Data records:
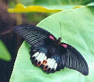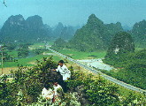 are in red August 21 (Sat), Beijing :I packed from 1:30 to 5:30 AM, when we had to board our shuttle to the airport. I really should have come home early and gone to bed since I had gotten no sleep the night before (due to studying all night for our final exam), but after our Friday evening farewell banquet all the teachers went out to the clubs near Bei Da [Beijing University] ("the Moon Bar" and "Solutions") with the students, which was too much fun to miss. So I got back with barely enough time to finish packing. Then the four of us--Anne (not the one who went with me to Inner Mongolia), Gilbert (from Milwaukee!), Danny, and I flew to Guilin on a Xinhua Airlines 737. Because they seem to be a fledgling company, they gave each passenger a little present (an odd little plastic thing in a fake-leather sheath--an LED in the plastic glows green when you press the handle). After a stopover at Xian they gave us another meal and another present (a Xinhua T-shirt this time). In Guilin I bought my plane ticket to Kunming--having a Bei Shi Da [Beijing Normal University] ID card is wonderful: the ticket was Y400 ($48) [$1 US ~ 8.3 Chinese yuan, also called Ren Min Bi], and my Lonely Planet guidebook listed the ticket as Y850, which means it had probably risen to at least Y900 by the time I bought mine. So my card lets me buy at less than 50% of the standard foreigner's cost. In comparison to the flight (just a couple hours), a train ticket is extremely difficult to buy without using CITS [the China International Travel Service] (who charges surtaxes), let alone finding a student ticket. So even if I had managed to get a hard-sleeper ticket for the ridiculously non-direct 29 hour ride (it only takes 31 hours by train from Beijing all the way to Guilin--about twice the distance from Kunming to Guilin!), I would have forked out almost Y300! Thats just one CSO [Chicago Symphony Orchestra] student rush tickets worth cheaper than my plane. Barely noticed Guilin, since we went right to the parking lot where buses leave for Yangshuo. No one would give us the real price, so we took forever to choose a bus, but finally we agreed on Y8 per person and at the same time met Pablo, a Spaniard who had recently graduated from Harvards Graduate School of Design and Architecture. After boarding we noticed Chinese passengers being charged Y6, but when I pointed that out to the lady, she of course said that the extra was for our luggage--an excuse clearly fabricated on the spot, but there was no way to argue the point. I woke up for the last 30 minutes of the hour and a half trip to Yangshuo--here was truly amazing scenery: everything that makes people rave about this place became apparent as we approached town. Severely vertical and yet rounded limestone karst peaks, covered in greenery and little twisty trees (just like in Chinese landscape paintings), rose straight up from the bright green flat rice paddies where farmers walked their water buffalo. We got into town, registered at the Good Companion Holiday Inn (quite a nice place) for their Y20 beds (all the Y10 ones were taken here and elsewhere), and walked down Yangshuos main shopping street Xi Jie. This place is truly designed for foreigners--restaurants dont always even have a Chinese menu, and hand painted T-shirts have cute things appealing to foreigners always being harassed by trinket sellers: "Hello banana!", "Hello CD music!". We ate dinner at the "under the Moon Cafe," which was a little expensive and had slow service, but it was nice for the four of us and Pablo to just sit and chill. Afterwards I left early and was asleep in my bed before 10 PM--it was amazing I stayed awake that long! August 22 (Sun) :Got up at 9:00 and ate breakfast alone at the youth hostels sidewalk tables, down the street from where we spent the night. I managed to convince the waitress to give me free tea with my pancake (banana) since everywhere else in China has free tea. Met a guy named Chris from Toronto, and eventually went and rented a bike (Y5 per day)--a good one with gears and traction treads. It turned out Chris and a couple American girls he just met were also going biking, but those girls ended up being awfully strange! They had no interest in being introduced to me, and said "excuse me, coming through!" as if I were just some obstacle and took off at full speed on their bikes--I followed but made no effort to go as fast. Leaving Yangshuo and going towards Moon Hill, the scenery was amazing--the road was surrounded by the regions characteristic green lumpy hills, some pointier than others, and they all moved slowly past on both sides, some faster than others because of their different distances from the road. Eventually the girls stopped because one of them had messed up her bike chain, and a local farmer guy was helping her fix it. I found a dirt road leading off from the highway and went to chase butterflies--after taking a whole bunch of pictures that probably wont be any good since my shutter speed was set a little low for using such close up 105 mm shots, I saw some people halfway up the side of the mountain next to me, and heard cows mooing up there too. Intrigued (how did cows get way up there??) I started looking for a path up the mountain, which I eventually found by following old piles of cow shit. It turned out the people, who had been yelling to each other in bizarre little high pitched voices, were children: ![]() Pretty soon I went back to the main road and biked over to Moon Hill. This place was a true tourist trap. After paying the Y8 admission ticket and extra Y1 bike watching fee, swarms of drink vendors start following you up the mountain. When you say you already have water, they say "but later youll need more! When you buy some, promise youll buy from me! OK? You have to promise!!" Luckily I met up with Anne just before starting the climb, which helped me find a reason to ignore the vendors (by talking with her). She was being followed by a woma
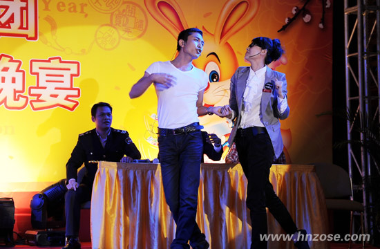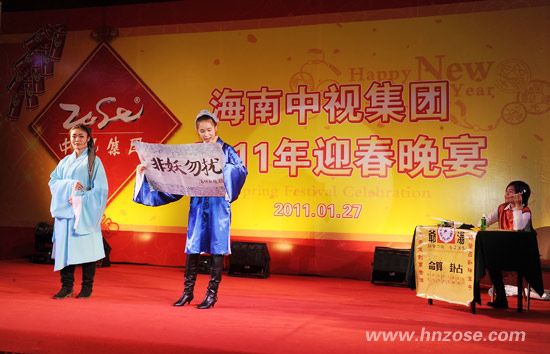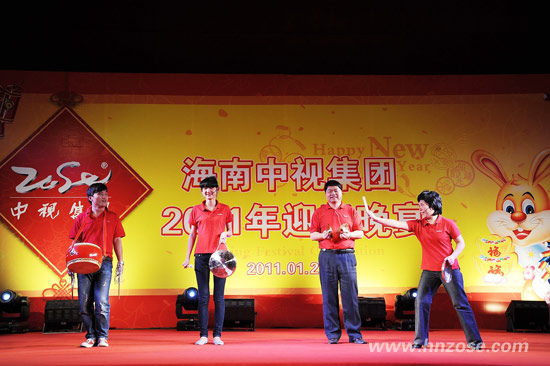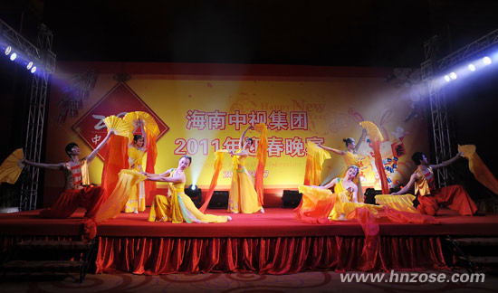 The 2011 Spring Festival Celebration of Hainan ZOSE Group was held at Hainan Meritus Hotel on January 27, 2011. The Chairman of Hainan ZOSE GroupLiu Wenjun, the General Manager of Hainan ZOSE Cultural Communication Stock CO.,LTD and Director of Hainan Provincial TheaterSun Yuanbin, the General Manager of Hainan ZOSE Real Estate CO.,LTDLiu Jun, the General Manager of Hainan ZOSE Property Management CO.,LTD Lan Ye, the Deputy Manager of Hinan ZOSE Advertising CO.,LTDQin Jiming, the Vice Director of Hainan Provincial Theater Su Xiaohua, the Chief Financial Officer of Hainan ZOSE GroupWang Lirong and 200 staffs attended the evening party.
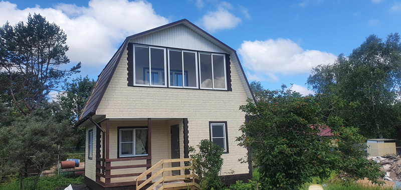 - Фасад: сайдинг виниловый «Grand Line» со всеми доборными элементами
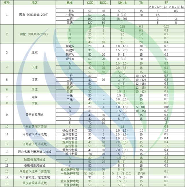 在現(xiàn)行《城鎮(zhèn)污水處理廠污染物排放標準》(GB 18918-2002)和《地表水環(huán)境質量標準》(GB3838-2002)的基礎上,北京、天津、江蘇、浙江、湖南、寧夏、云南昆明、廣州茅洲河流域、河北大清河流域、河北子牙河流域、河北黑龍港及運動流域、陜西黃河流域、安徽淮河流域、湖北漢江中下游、四川岷江沱江流域以及重慶梁灘河流域等陸續(xù)發(fā)布地方城鎮(zhèn)污水/流域污水相關排放標準。中國水網對上述各省、市城鎮(zhèn)污水及流域水污染物排放標準中COD、BOD5、NH3-N、TN以及TP共十八個標準五項指標加以整理匯總并對比,如有疏漏,歡迎留言補充!
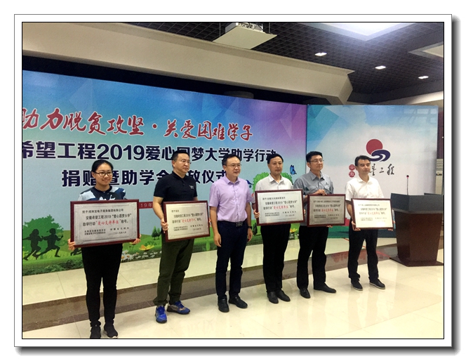 8月27日下午,“助力脱贫攻坚 关爱困难学子”安徽希望工程2019“爱心圆梦大学”助学行动捐赠暨助学金发放仪式在合肥举行。
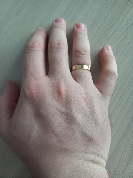 Комментарий:Хорошее обручальное кольцо,нужно брать больше на 0,5 от своего размера тк оно широкое и из-за того может быть маленьким
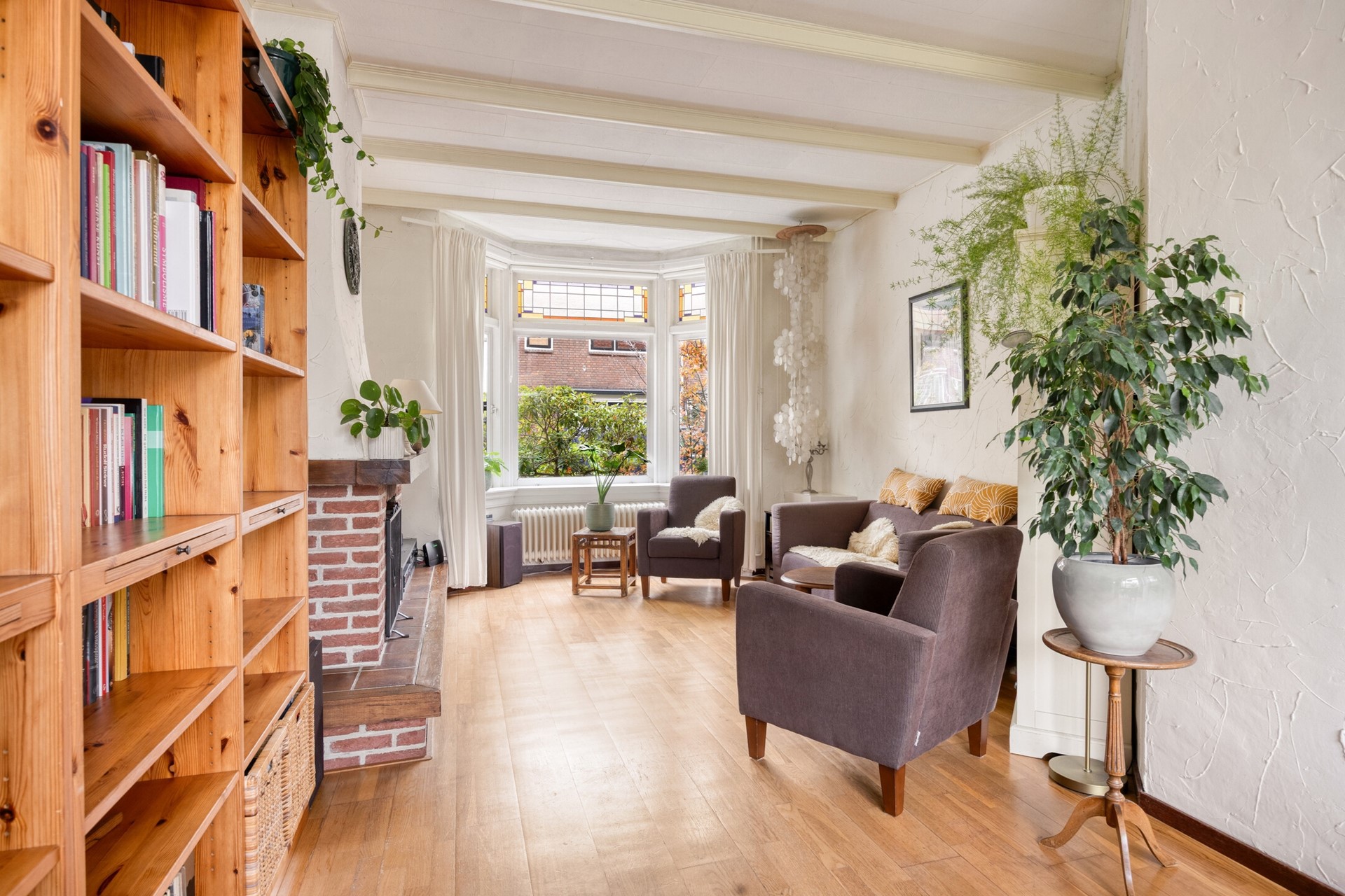 Deze woning ademt karakter. Zodra je binnenstapt, vallen de paneeldeuren, het glas-in-lood en de hoge plafonds meteen op – echte kenmerken van de bouwperiode. De houten vloeren en kozijnen versterken dat warme, authentieke gevoel dat je alleen in een jaren ’30 huis vindt.

- [Task statement]: Pictures excluded, return exactly the lines from the one with "The 2011 Spring" through the final line of the entries above, both included.

- [Result below]:
 The 2011 Spring Festival Celebration of Hainan ZOSE Group was held at Hainan Meritus Hotel on January 27, 2011. The Chairman of Hainan ZOSE GroupLiu Wenjun, the General Manager of Hainan ZOSE Cultural Communication Stock CO.,LTD and Director of Hainan Provincial TheaterSun Yuanbin, the General Manager of Hainan ZOSE Real Estate CO.,LTDLiu Jun, the General Manager of Hainan ZOSE Property Management CO.,LTD Lan Ye, the Deputy Manager of Hinan ZOSE Advertising CO.,LTDQin Jiming, the Vice Director of Hainan Provincial Theater Su Xiaohua, the Chief Financial Officer of Hainan ZOSE GroupWang Lirong and 200 staffs attended the evening party.
 - Фасад: сайдинг виниловый «Grand Line» со всеми доборными элементами
 在現(xiàn)行《城鎮(zhèn)污水處理廠污染物排放標準》(GB 18918-2002)和《地表水環(huán)境質量標準》(GB3838-2002)的基礎上,北京、天津、江蘇、浙江、湖南、寧夏、云南昆明、廣州茅洲河流域、河北大清河流域、河北子牙河流域、河北黑龍港及運動流域、陜西黃河流域、安徽淮河流域、湖北漢江中下游、四川岷江沱江流域以及重慶梁灘河流域等陸續(xù)發(fā)布地方城鎮(zhèn)污水/流域污水相關排放標準。中國水網對上述各省、市城鎮(zhèn)污水及流域水污染物排放標準中COD、BOD5、NH3-N、TN以及TP共十八個標準五項指標加以整理匯總并對比,如有疏漏,歡迎留言補充!
 8月27日下午,“助力脱贫攻坚 关爱困难学子”安徽希望工程2019“爱心圆梦大学”助学行动捐赠暨助学金发放仪式在合肥举行。
 Комментарий:Хорошее обручальное кольцо,нужно брать больше на 0,5 от своего размера тк оно широкое и из-за того может быть маленьким
 Deze woning ademt karakter. Zodra je binnenstapt, vallen de paneeldeuren, het glas-in-lood en de hoge plafonds meteen op – echte kenmerken van de bouwperiode. De houten vloeren en kozijnen versterken dat warme, authentieke gevoel dat je alleen in een jaren ’30 huis vindt.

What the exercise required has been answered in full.